[Problem] Throughout the material below, count the lines that include the string "Keramik", then report only the resulting number.

[Provided material]
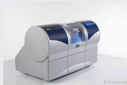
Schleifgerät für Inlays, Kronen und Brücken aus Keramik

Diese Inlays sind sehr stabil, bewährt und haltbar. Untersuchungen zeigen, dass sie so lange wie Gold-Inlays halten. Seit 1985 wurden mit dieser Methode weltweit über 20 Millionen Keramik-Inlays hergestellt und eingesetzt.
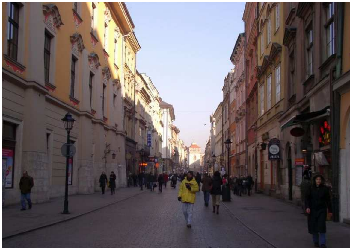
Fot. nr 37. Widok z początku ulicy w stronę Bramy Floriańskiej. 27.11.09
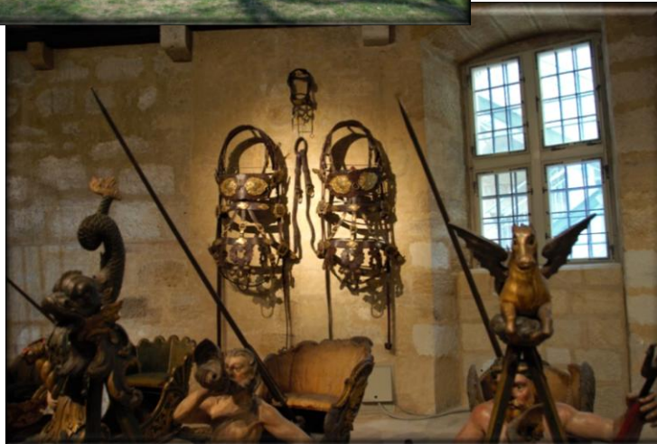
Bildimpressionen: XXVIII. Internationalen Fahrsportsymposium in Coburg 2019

[Task answer] 2